OpenArXiv
Relational DB Schema
Outlined below are the
tables and their columns which will be used in the first draft of the OpenArXiv relational database. Some data has been
intentionally omitted due to either its difficulty to gather via an automated
process or due to its irrelevance to the project goal. In all cases where a
primary key is undefined, an arbitrary numeric ID has been provided to assist
with indexing.
The main goal of this database is to track the relationships between publications, authors, and the various categories ArXiv uses for classification.
publications
(pubid, archive, year, month, seq,
title, comments (nulls ok), journal-ref (nulls ok))
Where pubid is the citation ID
(hep-th/0506123 etc.), archive is the category it's entered under (hep-th), and year/month/seq are
the components of the numerical part of the ID.
Title, comments,
and journal-ref are text fields that capture identical data as their ArXiv citation counterparts.
Having a separate attribute for archive might be redundant, but
for the time being it addresses those strange cases in ArXiv
where you find a hep-lat article entered under hep-th instead of hep-lat.
Whether or not it’s ultimately necessary depends on how ArXiv's
organization is dealt with in the end product.
persons
(ID
(arbitrary numeric ID), pubid, abbr,
name)
Pubid is taken from the previous table, abbr and name are the abbreviated and full
name of the person in question. A system of assigning unique IDs to each person
to resolve the issue of duplicate names is ideal, but currently impossible
based on how ArXiv stores its data and the methods
we’ve used to retrieve it.
referenced
(ID
(arbitrary numeric ID), citing, cited)
Citing and cited
are both formatted identically to pubid from the publications
table, but are still varchar variables and not their
own separate data type.
hierarchy
(ID
(arbitrary numeric ID), topic, archive, sclasstype)

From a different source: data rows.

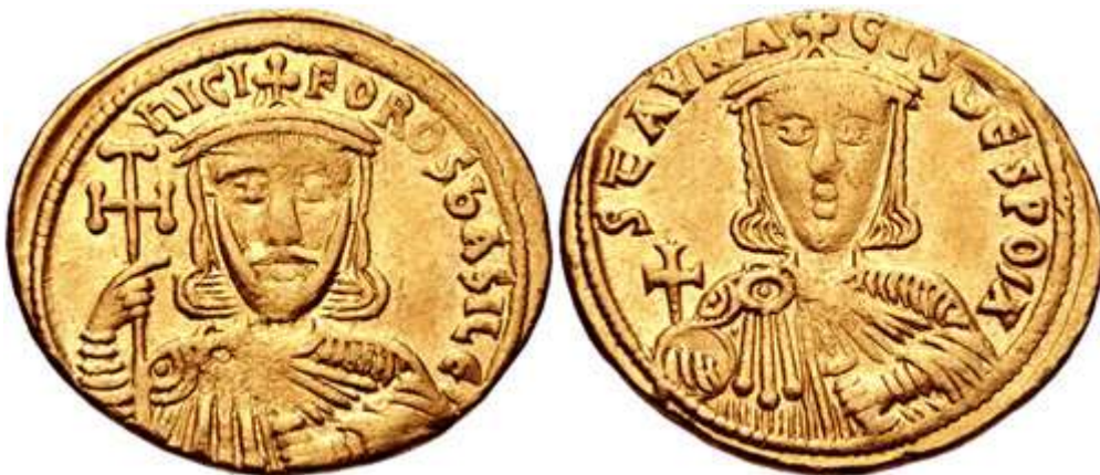
Nicephorus I, with Stauracius. 802-811. AV Solidus (21mm, 4.37 g, 6h). Constantinople mint. Struck 803-811. Crowned facing bust of Nicephorus, / Crowned facing bust of Stauracius, .

However unlikely the title of this article, it has been recorded by several historians. Nicephorus I became emperor in 802 after deposing his predecessor in a coup and associated his son Stauracius as deputy emperor. The empire was in some strife at the time and Nicephorus set out to rectify matters, especially with regard to the Bulgarians. Nicephorus inflicted two heavy defeats on the Bulgarians and then pursued them into mountainous country, unwisely as it turned out. His army was ambushed and he himself killed in the skirmish. His body would have been recognised by his armour and probably general decorations. The top of his skull was removed and appropriately mounted with a stem and probably handles to create a large goblet for use by the Bulgarian king. Stauracius, now the emperor, was seriously wounded but managed to escape with the remnant of the army. Because he seemed unlikely to recover he abdicated after a reign of a few weeks in favour of his brother in law Michael.
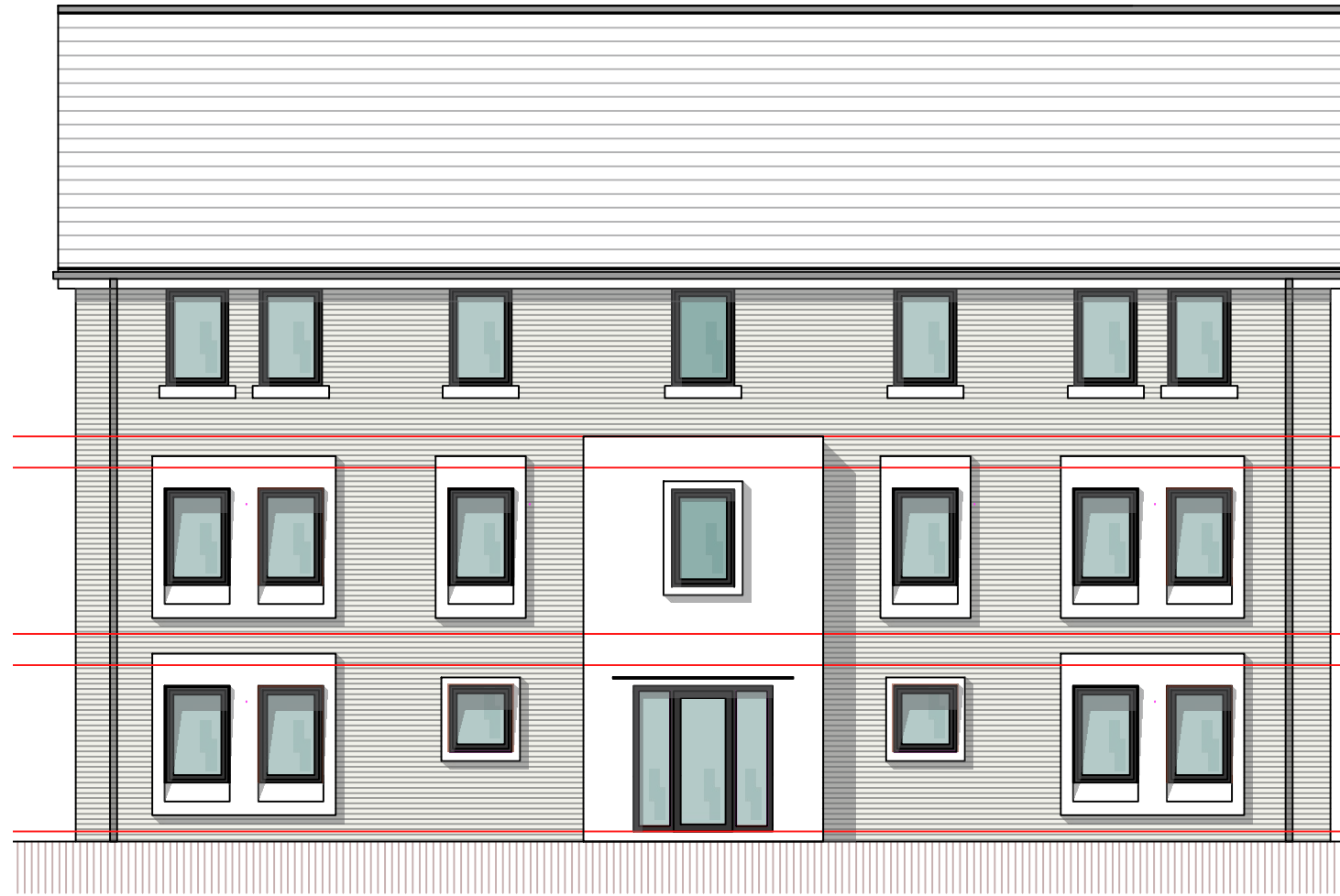
BUILDING TYPE A: FRONT ELEVATION
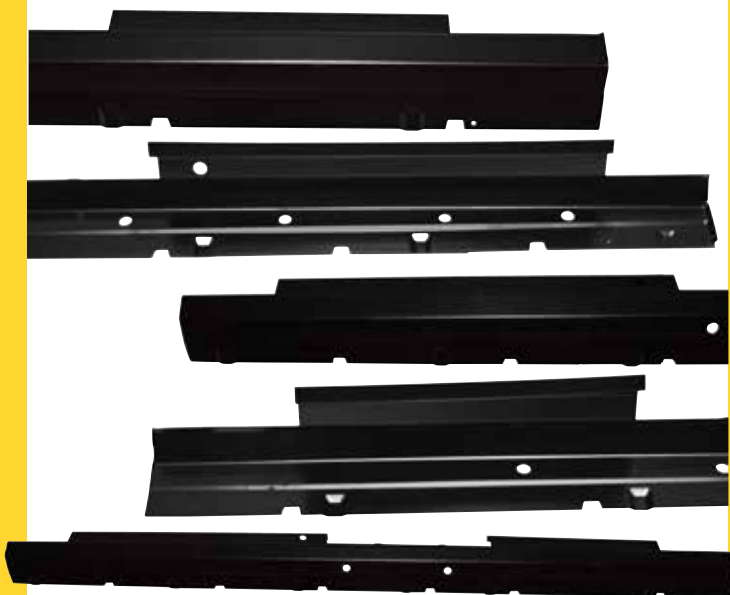
RP16-07SCL - Slip-On Rocker Panel with Sills (1.2 MM) - Drivers 2007-13 Silverado/Sierra P/U Crew Cab
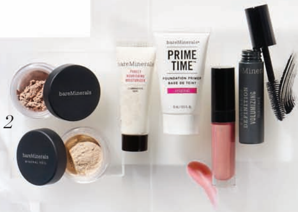
2 BAREMINERALS THE TOTAL PACKAGE SET Must-haves: primer, powder, moisturizer, and mini lip gloss and mascara. Plus, a voucher for a full-size foundation. $36 ($84 VALUE) Limited edition. Only at Sephora.
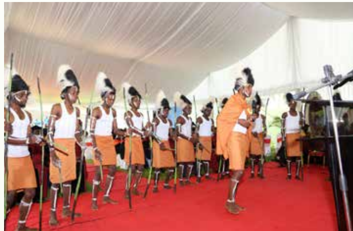
Students performing during a graduation ceremony

The entire student body exercises its constitutional right to elect its leaders annually, in accordance with the student constitution. The elected leaders form the Murang'a University
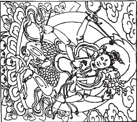
Loma Gyömma Woodblock print

This completes the exalted King Mantra of the Great Breath.
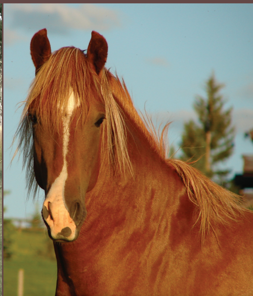
RSTD Trueno Best Bozal Horse of Show at his first show Espejo de Peru x RSTD Donadora (x RDLF Don Alberto)
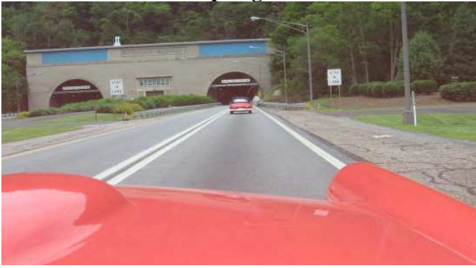
On the road- PA Tunnel

Here are some random pics of the CTCI convention in Springfield
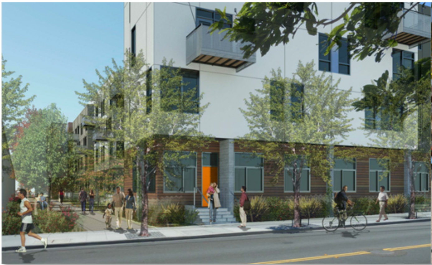
Mission Bay Block 7

Related California, in partnership with Chinatown Community Development Center, has started construction on an affordable, mixed-use development comprised of 200 apartments and 10,000 square feet of retail located on the 4th Street Corridor and between China Basin Street and Mission Bay Boulevard North, within San Francisco's Mission Bay neighborhood. Adjacent to the 3rd Street Light Rail and with access to the city's bicycle network from 4th Street, the development is designed from sustainability, including 306 secure bicycle parking spaces, landscaped pedestrian mews, solar panels and drought tolerant landscaping. Completion is expected in early 2017.
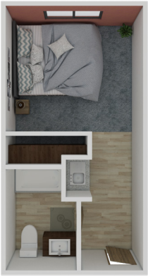
A7 Studio 325 SQ FT

Solstice Senior Living at Rio Norte offers several floor plan choices to suit your needs.
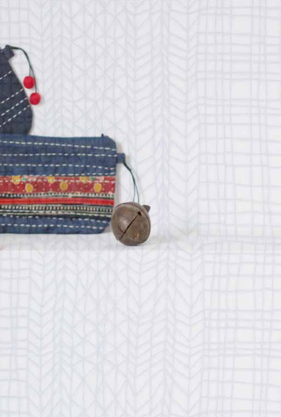
Denim H'Mong Wallet 1 20 x 10 cm AVWALETHM2010BD
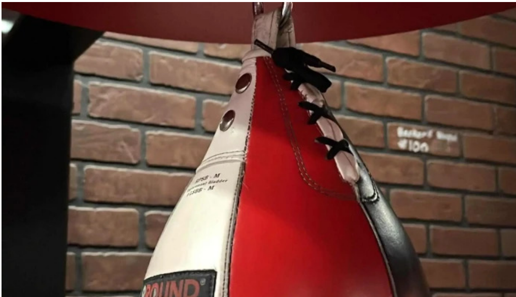
9round fitness gym
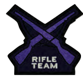
ROTC-4 Crossed Rifles
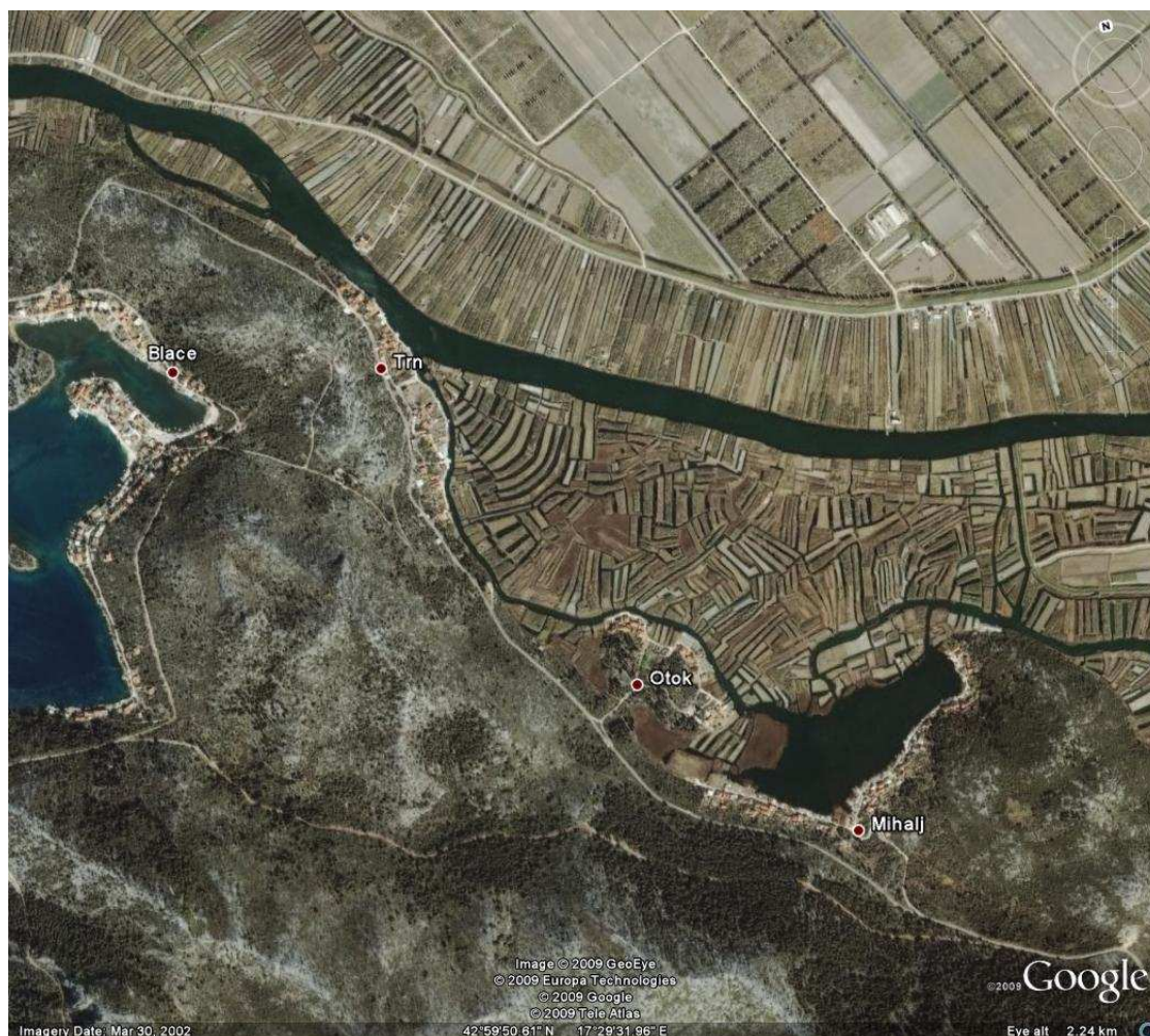
Jendecenje strips visible on GoogleEarth
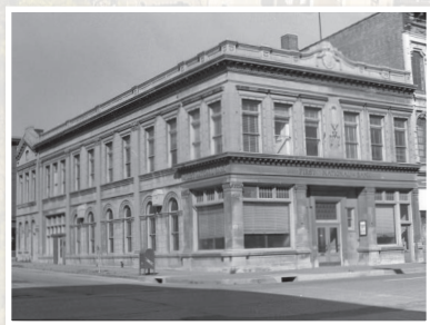
3 First National Bank building 503 Main St.
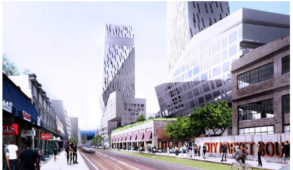
City Market North and South projects

The Southern California Flower Market, 755 Wall St., a longtime Fashion District institution is seeking an upgrade to its current facility. The property occupies a 3.8-acre site bounded by 7th, 8th, Wall and Maple streets. The existing market, situated in a hodge-podge collection of modest industrial buildings, is described by the owners as functionally obsolete.
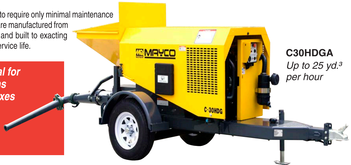
C30HDGA Up to 25 yd. 3 per hour

Mayco replacement parts are reasonably priced and readily available. Additionally, our nationwide network of dealers is ready to provide service and technical support no matter where your job is located.
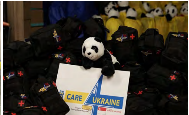
(left) Meal with Love beneficiaries; (right) trauma packs for individual responders
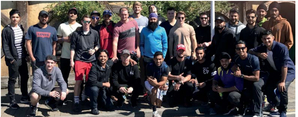
Premier Men and Reserves Pre-Season in Tauranga
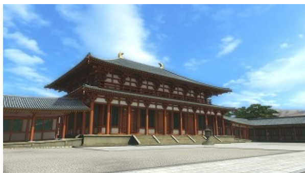
The Chukondo as recreated in “The Recreated Kohfukuji Chukondo” VR production

“The Ashura Statue” VR production is the world’s first virtual reality representation of the Ashura statue, a national treasure that is a famous piece of Tenpyo sculpture, highly popular with a diverse audience because of its expression, which seems to show sadness. The statue has been recreated in detail using ultra-high definition photography and the digital archiving knowhow that Toppan Printing has accumulated through 3D nd color measurement technologies. This means that it is possible to see the Ashura statue from various angles and in closeup, something that cannot be achieved with the actual statue. It is possible to see various aspects of the Ashura statue because a feature has been added whereby the color is completely removed so that the fine details of the statue can be seen, something that can only be done with VR.
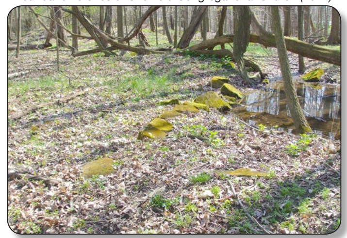
Foundation stones of Sheffield Congregational Church (2012)

With no further services, the dilapidated old church was torn down in the 1930s, but some pieces of the foundation can still be seen in the French Creek Reservation of the Lorain County Metro Parks, across East River Road from the Burrell Homestead.
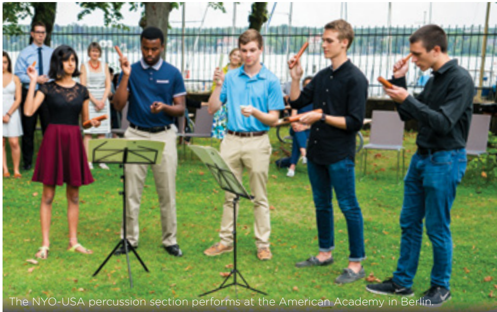
The NYO-USA percussion section performs at the American Academy in Berlin.
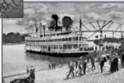
Right: Riverfront at Clinton, Iowa, on an old postcard.

This is the second in a series that will explore communities along the Mississippi from Davenport, Iowa, to Minneapolis, Minn., the route of the 1854 Grand Excursion. We will complete our journey up the river at about the time the re-enactment of the Grand Excursion begins in Davenport in June 2004. For more information on the Grand Excursion 2004, call (513) 381-6700. Also see the Big River website for links.
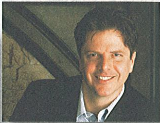
RICHARD PAUL EVANS November 7, 2011

The Tenor of Courage: Known for his stirring performances as a member of the world-famous Irish Tenors and his inspiring personal story of triumph in the face of adversity, Ronan Tynan has beaten great odds to achieve dramatic new heights, time and time again. Tynan is a physician, a champion disabled athlete and a world-class tenor. Despite being born with a lower limb disability and having both legs amputated below the knee at age 20 following a serious car accident, he persevered. Since debuting with the Irish Tenors, Tynan has become nothing short of an international sensation.
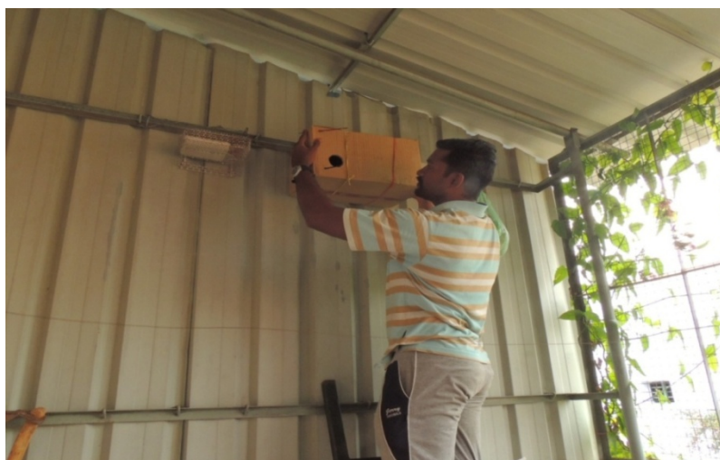
Plate 2. Erection of artificial nest box above 5 feet from ground level.
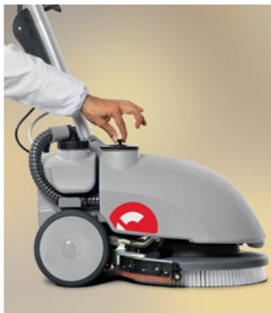
Vispa 35 E The breath valve on the cap of the solution tank always guarantees the same quantity of water on the floor for a constant cleaning operation

Thanks to the automatic squeegee and brush adjusting system, the machine can automatically adjust to any type of floor.
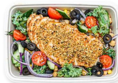
Chick Pea & Quinoa Bowl with Dukkah Chicken Breast

Confit Chicken Breast with Dukkah Spiced Chick Pea & Quinoa Bowl with Locally Farmed Kale, Corn Kernel, Spanish Onion, Cherry Tomato, Marinated Olive, Japanese Cucumber, Tahini Dressing
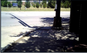
Corner 4 No Ramp (4z)
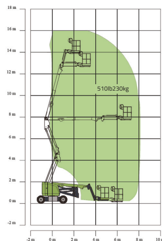
Range of Motion ZA14JE-Li
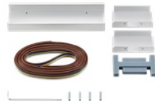
599006008900 LEDLima Connection-Kit
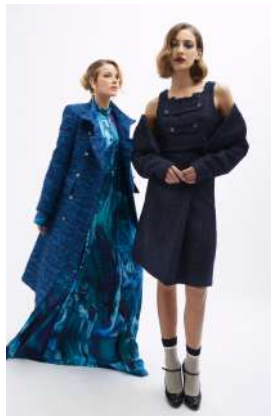
GST_110 coat GST_115 jacket GST_215 dress GST_116 vest GST_301 skirt
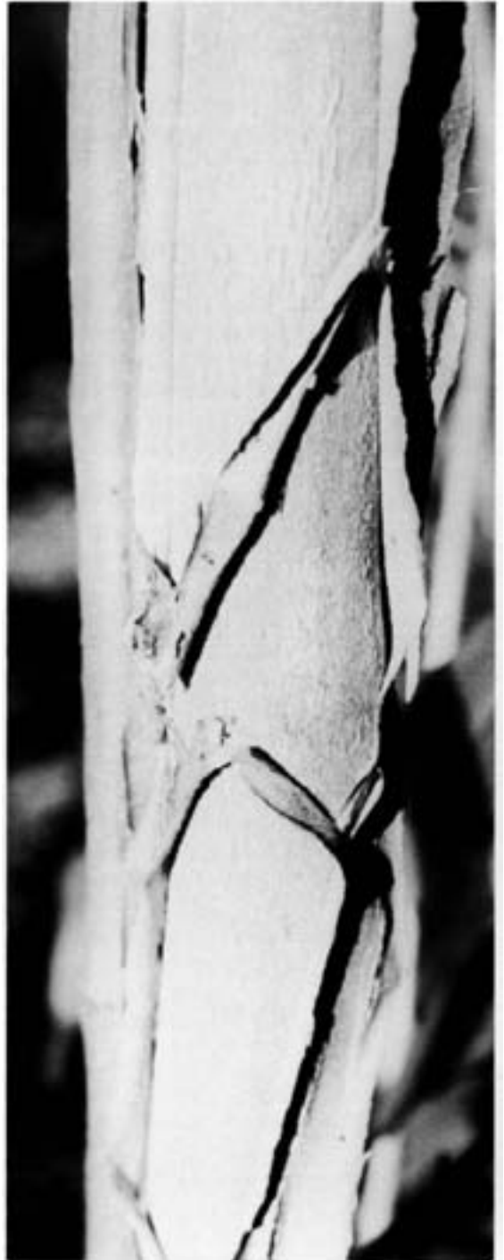
The thin bark of Heptacodium, peeling off in paperlike strips or sheets.
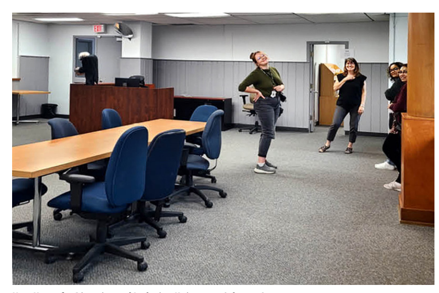
New Home for Diversity and Inclusion Unit at 210 Osborne Street

The department administers the Inclusion Support Program, which assists eligible child care facilities to address barriers that allow children with additional support needs and/or significant behavioural/ emotional needs to participate in programming and activities. The Inclusion Support
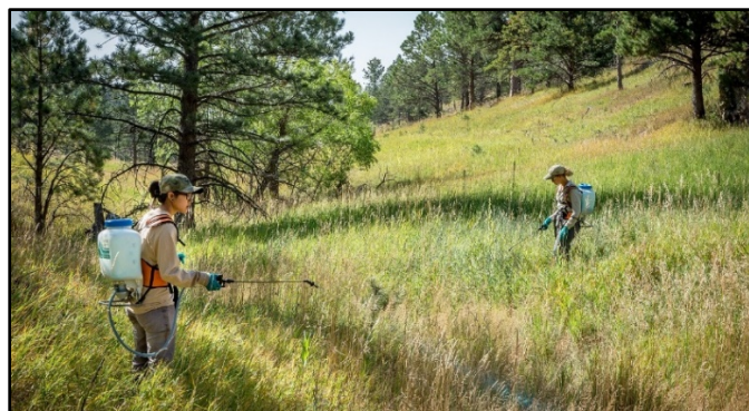
Horsetooth Mountain Open Space

*There is a federal lands exemption to the CNWA. Larimer County does not have noxious weed enforcement responsibility on federal lands within the unincorporated county.
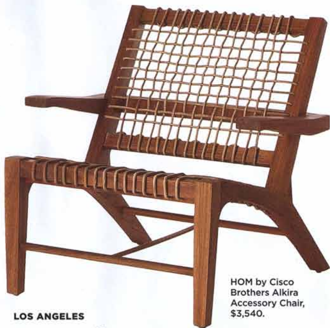
HOM by Cisco Brothers Alkira Accessory Chair, $3,540.
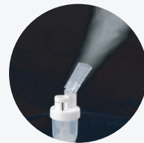
Fully opened Valve > 0.22 ml/min (for NB80) Fully opened Valve > 0.30 ml/min (for NA100/NB500) (0.9% Saline Solution)
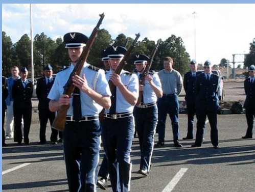
Air Force ROTC Unit Practicing Drills

The outbreak of the Korean War on 25 Jun 1950 interrupted AU's growth and stability. Air Force commanders argued they needed the personnel attending AU for operational commitments and that the Air Force should close AU. However, Air Force leaders, rather than closing AU completely, reduced its operations, suspended the AWC and the Air Tactical School, and reduced the length of the ACSS to less than four months.
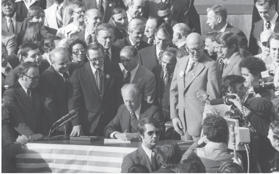
President Gerald Ford, at Yonkers City Hall, 1976
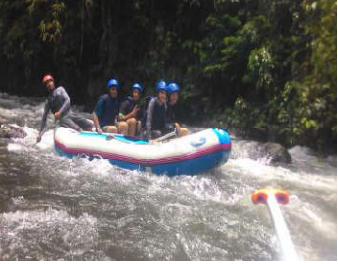
August 27<sup>TH</sup> - 30<sup>TH</sup> 2019

Seked Batur Natural Hot Spring Campsite, Toya Bungkah, Batur - Bali
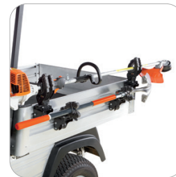
Ratcheting Tool Holder Kit (Upper) & Standard Tool Holder Kit (Lower)

Where topic is the topmost category (physics, mathematics, etc.),
archive is the abbreviated subtopic (hep-th),
and sclasstype represents the full name of the
subtopic (High Energy Physics – Theory). All categories except physics use an
abbreviation of the topic and an abbreviation of the sclasstype
to form the archive name (e.g. Mathematics + Number Theory becomes math.NT). Physics archives are either shortened versions of
the sclass type (hep-th) or
the catch-all “physics” for class types that don’t really belong to any given
archive.
subjclass
(ID
(arbitrary numeric ID), pubid, sclasstype)
Where sclasstype is a subj-class entry in the citation. Since an article can have
n sclasstype values, it's not practical to
make subj-class an attribute of publications.
acmclass
(ID
(arbitrary numeric ID), pubid, aclasstype)
Where aclasstype is an ACM-class entry
in the citation. Since an article can have n aclasstype
values, it's not practical to make ACM-class an attribute of publications.
mscclass
(ID
(arbitrary numeric ID), pubid, mclasstype)
Where mclasstype is an MSC-class entry
in the citation. Since an article can have n mclasstype
values, it's not practical to make MSC-class an attribute of publications.
Suggested Improvements
Separate the persons table into two tables: persons(perid, abbr, name) and authored(perid, pubid) where perid is a unique ID for identifying a given person. This was the originally desired format for this data, but because of ArXiv’s method of storing data, it was impossible to automate data retrieval in this format. As a result, duplicate names appear in the persons table, which can cause confusion and created issues with the paging function.
Because of this, the persons search feature retrieves the top 50 distinct names and displays them on a single page; that being said, as long as the name entered is reasonably accurate, it will show up in the first 50 results.